**What this task involves**
Give back exactly the lines of the material below that start at the one holding "30.7in Tall Fireplace" and end at the last line, minus the pictures.

**Provided entries**
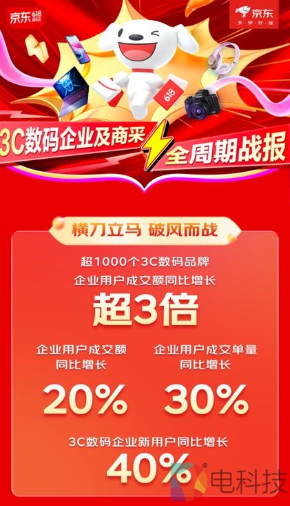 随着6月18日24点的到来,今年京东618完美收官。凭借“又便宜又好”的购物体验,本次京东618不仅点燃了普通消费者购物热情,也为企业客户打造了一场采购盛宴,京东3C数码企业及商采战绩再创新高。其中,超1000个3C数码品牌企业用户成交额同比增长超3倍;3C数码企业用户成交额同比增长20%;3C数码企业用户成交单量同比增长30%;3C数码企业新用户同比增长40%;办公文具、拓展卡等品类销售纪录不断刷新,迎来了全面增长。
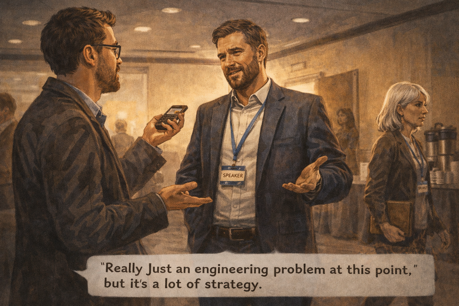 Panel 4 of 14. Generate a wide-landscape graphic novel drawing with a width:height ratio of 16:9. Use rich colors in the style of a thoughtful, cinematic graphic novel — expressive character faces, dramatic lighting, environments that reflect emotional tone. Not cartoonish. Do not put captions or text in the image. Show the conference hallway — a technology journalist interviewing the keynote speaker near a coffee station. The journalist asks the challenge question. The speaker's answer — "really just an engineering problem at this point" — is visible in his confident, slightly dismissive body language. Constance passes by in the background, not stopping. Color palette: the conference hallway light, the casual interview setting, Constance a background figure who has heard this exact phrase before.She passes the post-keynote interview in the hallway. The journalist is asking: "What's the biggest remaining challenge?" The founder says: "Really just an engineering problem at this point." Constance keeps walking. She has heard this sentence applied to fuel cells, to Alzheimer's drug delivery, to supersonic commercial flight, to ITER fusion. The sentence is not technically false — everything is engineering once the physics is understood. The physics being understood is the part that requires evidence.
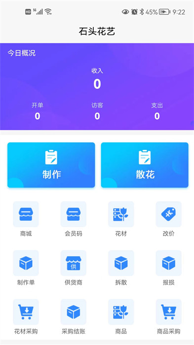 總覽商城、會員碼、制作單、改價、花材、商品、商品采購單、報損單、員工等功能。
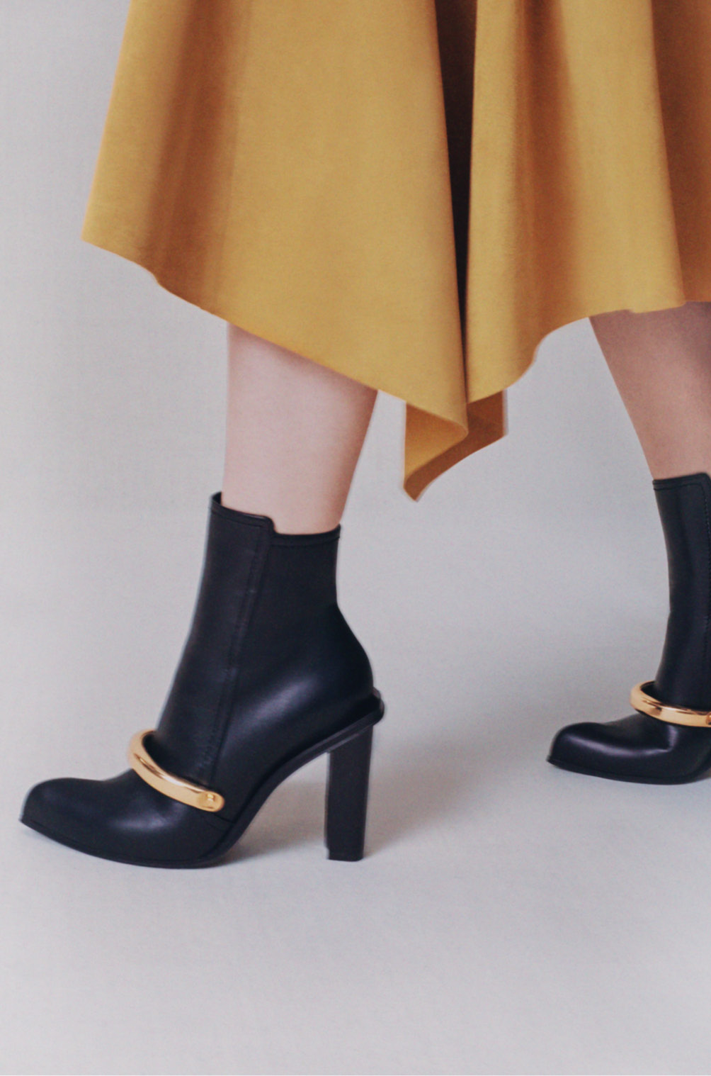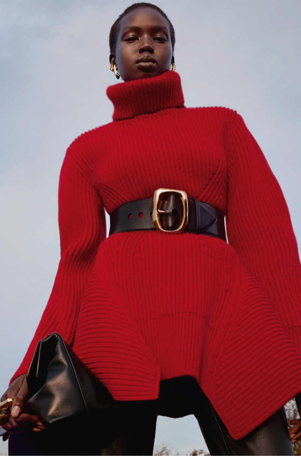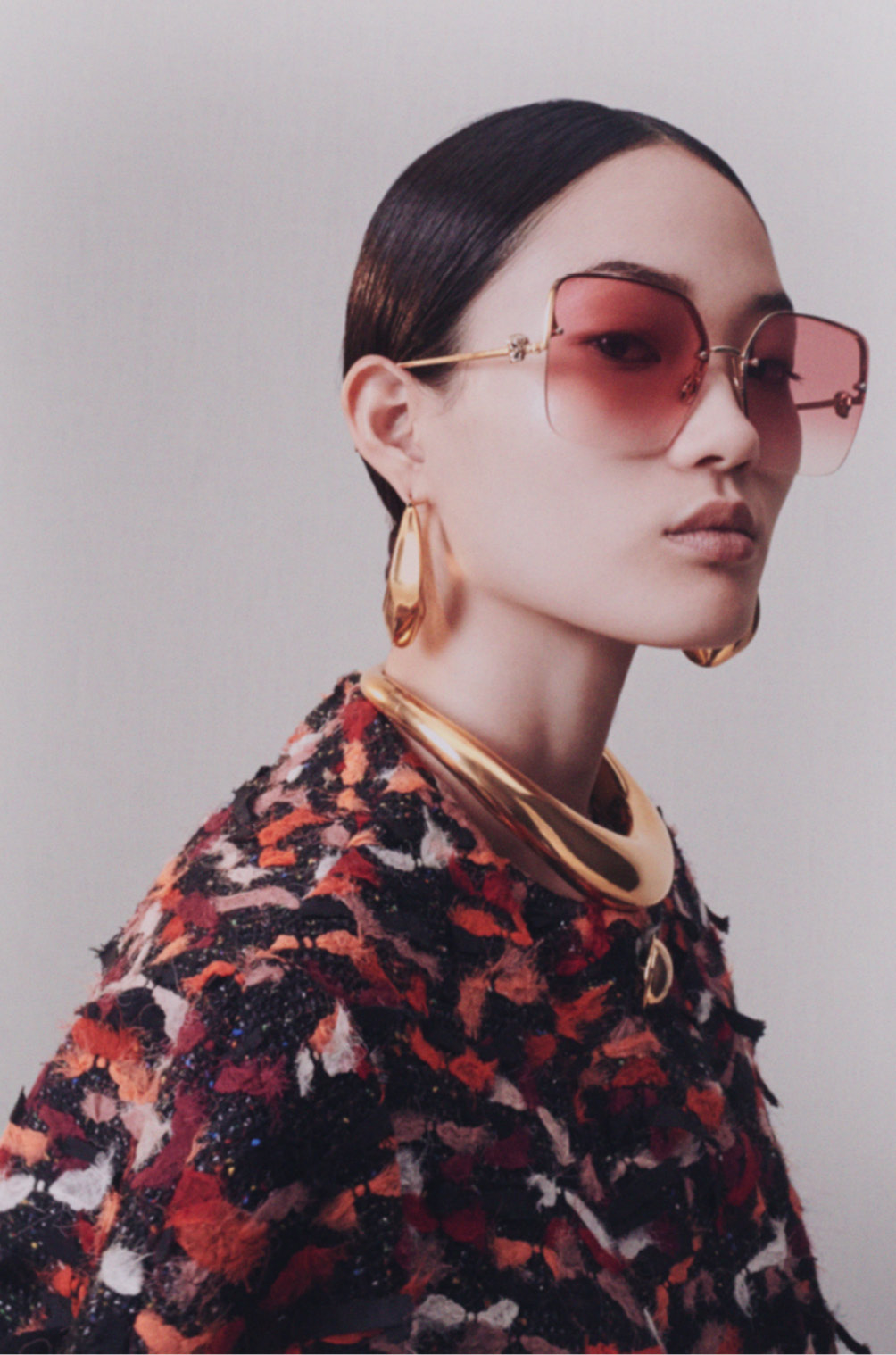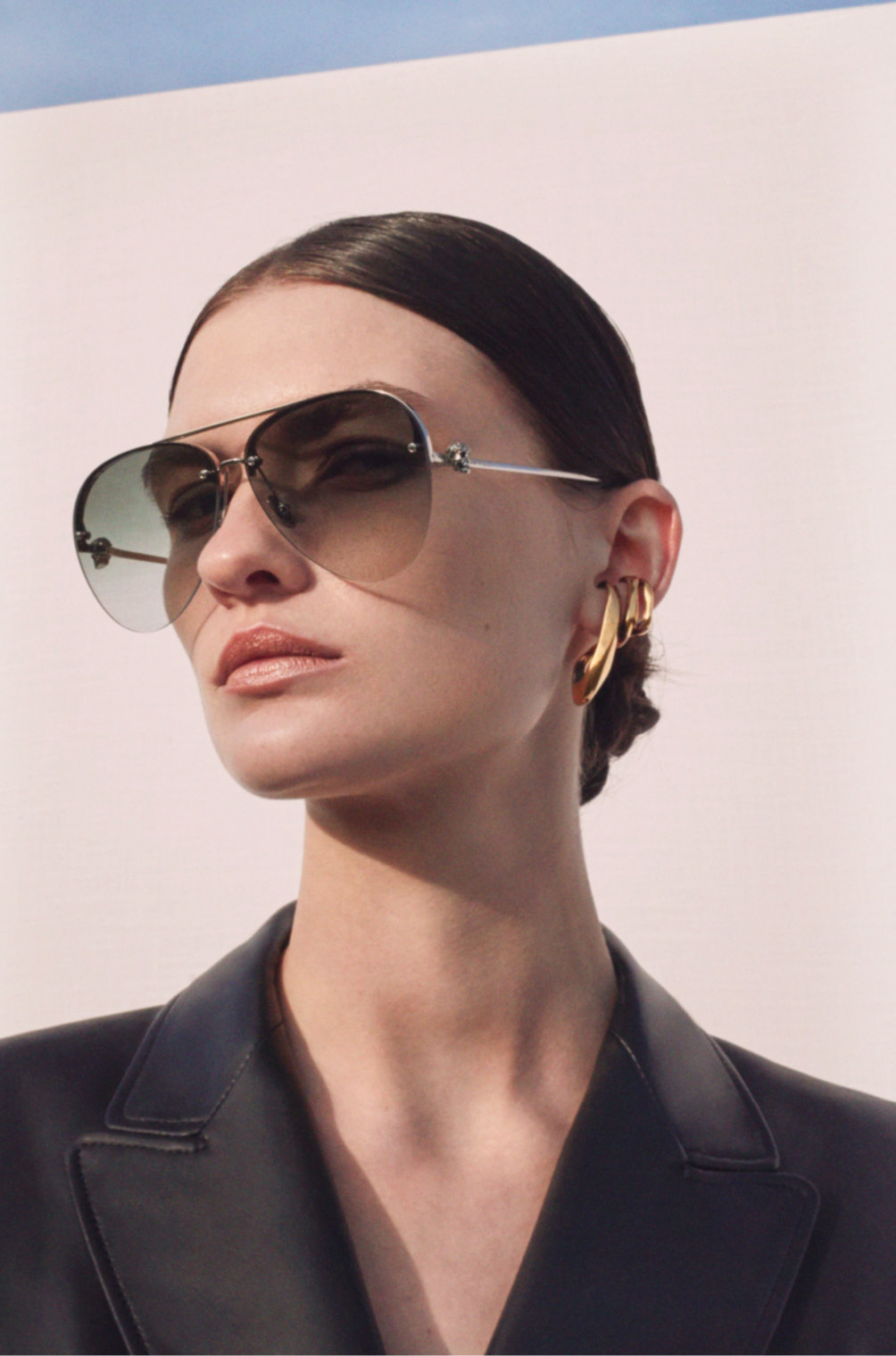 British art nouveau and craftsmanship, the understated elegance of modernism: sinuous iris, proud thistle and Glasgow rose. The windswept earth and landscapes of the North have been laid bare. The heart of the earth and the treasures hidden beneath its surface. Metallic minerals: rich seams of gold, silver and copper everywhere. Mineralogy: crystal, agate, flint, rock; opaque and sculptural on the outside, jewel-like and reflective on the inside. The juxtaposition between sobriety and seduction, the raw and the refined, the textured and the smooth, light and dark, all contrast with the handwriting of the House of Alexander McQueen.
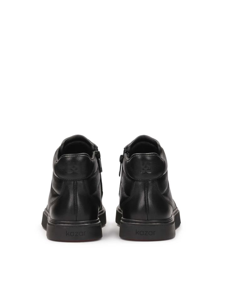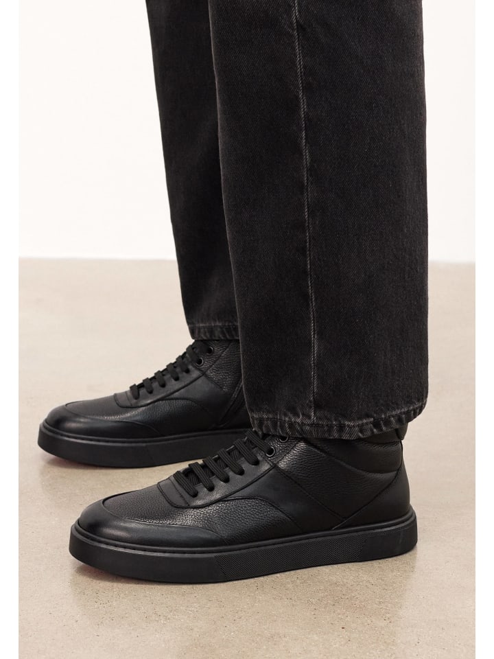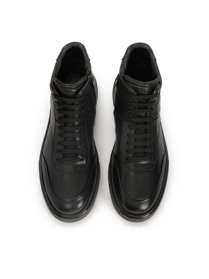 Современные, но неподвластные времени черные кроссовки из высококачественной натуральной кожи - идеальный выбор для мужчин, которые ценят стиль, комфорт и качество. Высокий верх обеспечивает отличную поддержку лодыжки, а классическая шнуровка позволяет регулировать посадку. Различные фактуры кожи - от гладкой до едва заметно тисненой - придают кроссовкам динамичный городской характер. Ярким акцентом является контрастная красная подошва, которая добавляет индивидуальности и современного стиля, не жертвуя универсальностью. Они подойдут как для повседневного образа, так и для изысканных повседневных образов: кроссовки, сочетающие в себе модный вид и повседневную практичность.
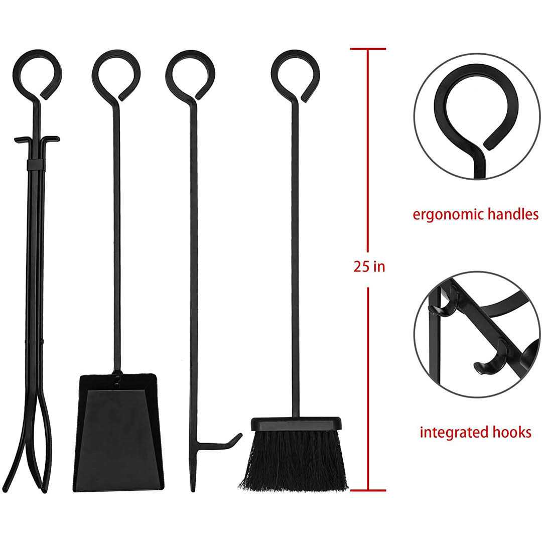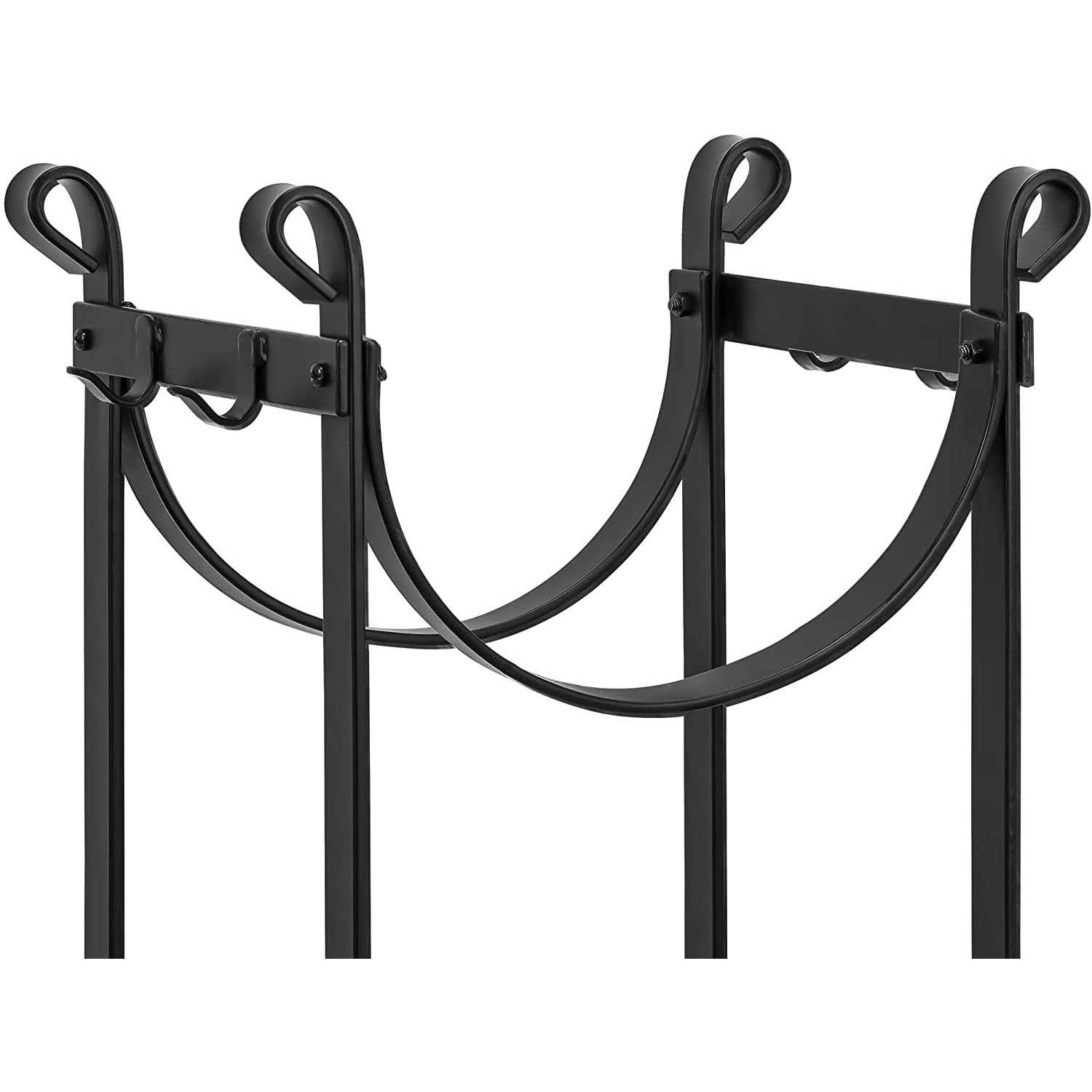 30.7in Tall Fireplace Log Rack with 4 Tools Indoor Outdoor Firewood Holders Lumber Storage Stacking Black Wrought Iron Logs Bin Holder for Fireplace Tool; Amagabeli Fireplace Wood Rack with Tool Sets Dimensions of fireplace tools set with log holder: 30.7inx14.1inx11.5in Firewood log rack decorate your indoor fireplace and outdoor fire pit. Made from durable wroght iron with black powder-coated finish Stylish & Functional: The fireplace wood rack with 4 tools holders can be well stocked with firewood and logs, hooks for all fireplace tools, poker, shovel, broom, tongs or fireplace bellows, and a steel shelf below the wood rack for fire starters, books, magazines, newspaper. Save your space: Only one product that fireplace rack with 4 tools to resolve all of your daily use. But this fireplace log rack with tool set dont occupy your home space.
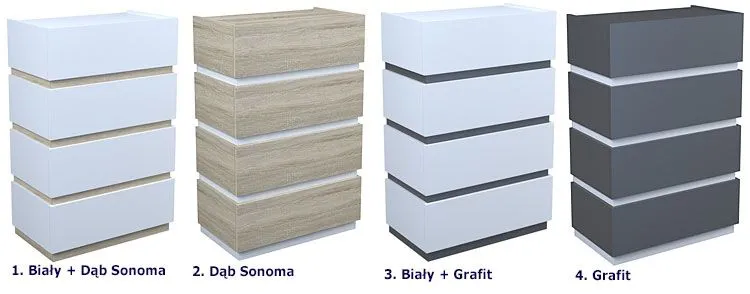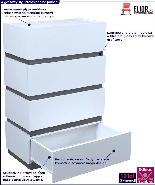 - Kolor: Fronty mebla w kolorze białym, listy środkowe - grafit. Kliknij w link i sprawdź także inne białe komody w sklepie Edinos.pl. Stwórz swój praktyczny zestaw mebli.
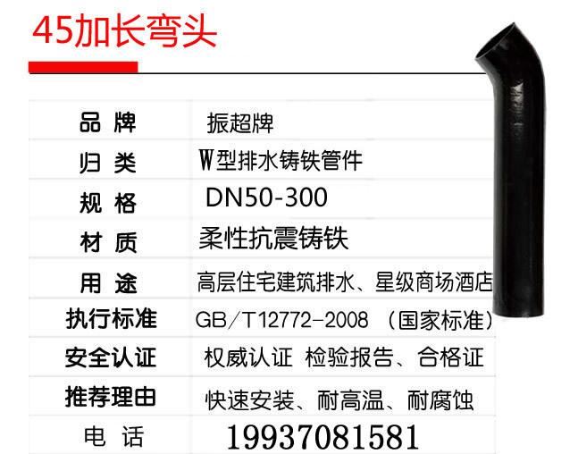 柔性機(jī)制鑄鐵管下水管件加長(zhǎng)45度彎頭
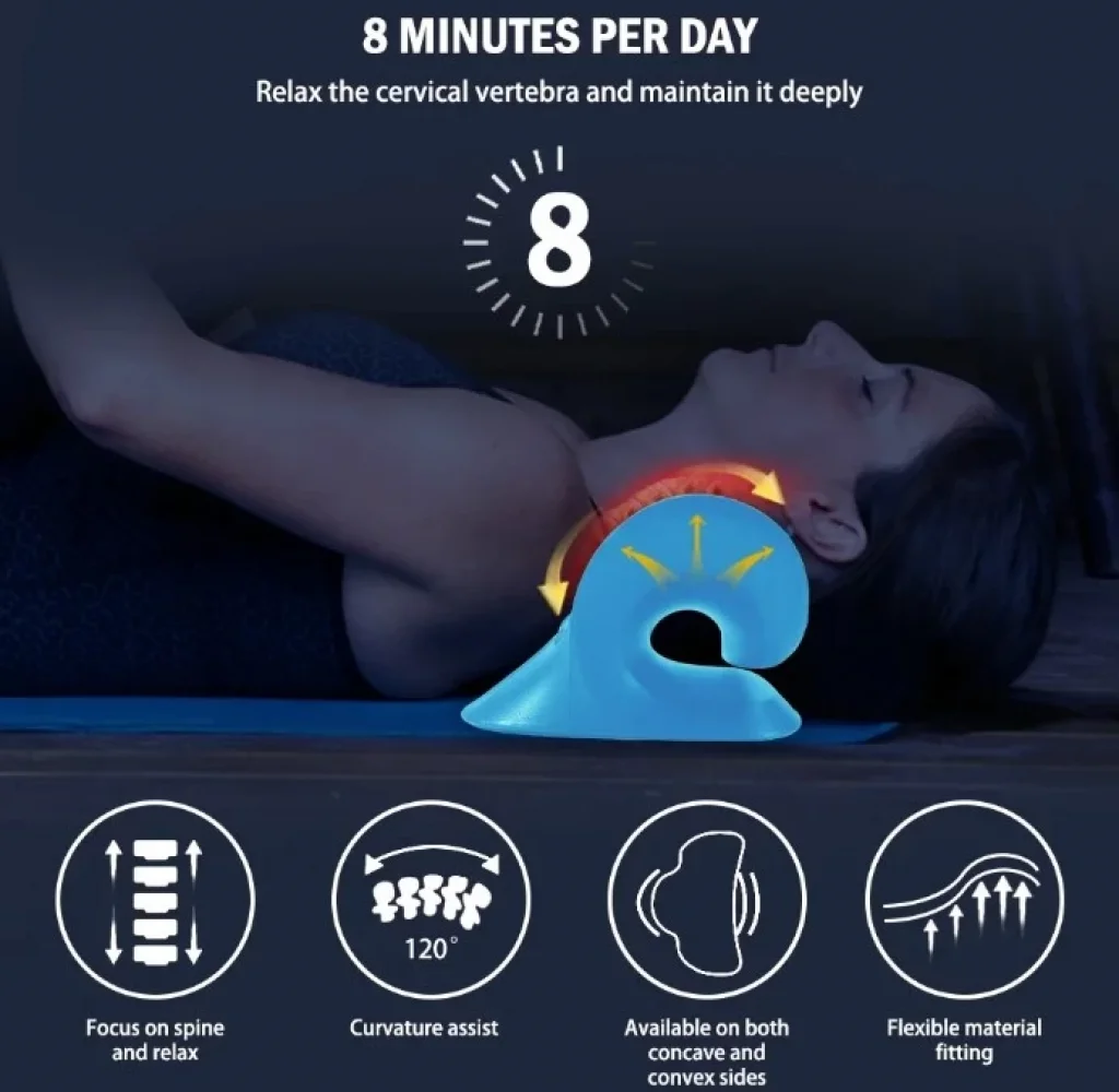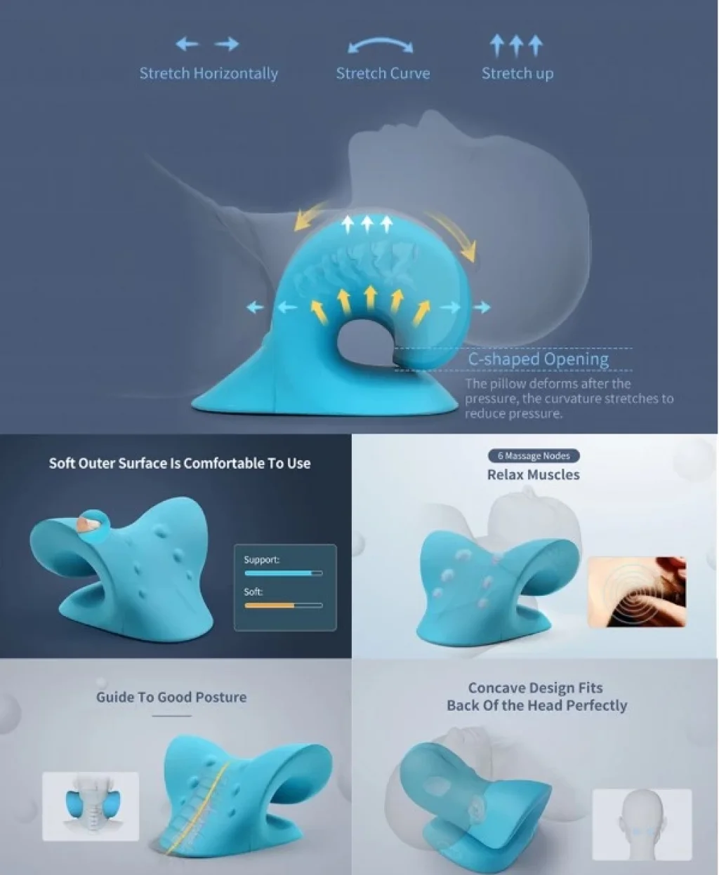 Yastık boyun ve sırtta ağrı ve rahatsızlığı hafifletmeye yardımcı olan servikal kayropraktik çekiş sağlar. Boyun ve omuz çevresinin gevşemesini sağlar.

**The completed task**
 30.7in Tall Fireplace Log Rack with 4 Tools Indoor Outdoor Firewood Holders Lumber Storage Stacking Black Wrought Iron Logs Bin Holder for Fireplace Tool; Amagabeli Fireplace Wood Rack with Tool Sets Dimensions of fireplace tools set with log holder: 30.7inx14.1inx11.5in Firewood log rack decorate your indoor fireplace and outdoor fire pit. Made from durable wroght iron with black powder-coated finish Stylish & Functional: The fireplace wood rack with 4 tools holders can be well stocked with firewood and logs, hooks for all fireplace tools, poker, shovel, broom, tongs or fireplace bellows, and a steel shelf below the wood rack for fire starters, books, magazines, newspaper. Save your space: Only one product that fireplace rack with 4 tools to resolve all of your daily use. But this fireplace log rack with tool set dont occupy your home space.
 - Kolor: Fronty mebla w kolorze białym, listy środkowe - grafit. Kliknij w link i sprawdź także inne białe komody w sklepie Edinos.pl. Stwórz swój praktyczny zestaw mebli.
 柔性機(jī)制鑄鐵管下水管件加長(zhǎng)45度彎頭
 Yastık boyun ve sırtta ağrı ve rahatsızlığı hafifletmeye yardımcı olan servikal kayropraktik çekiş sağlar. Boyun ve omuz çevresinin gevşemesini sağlar.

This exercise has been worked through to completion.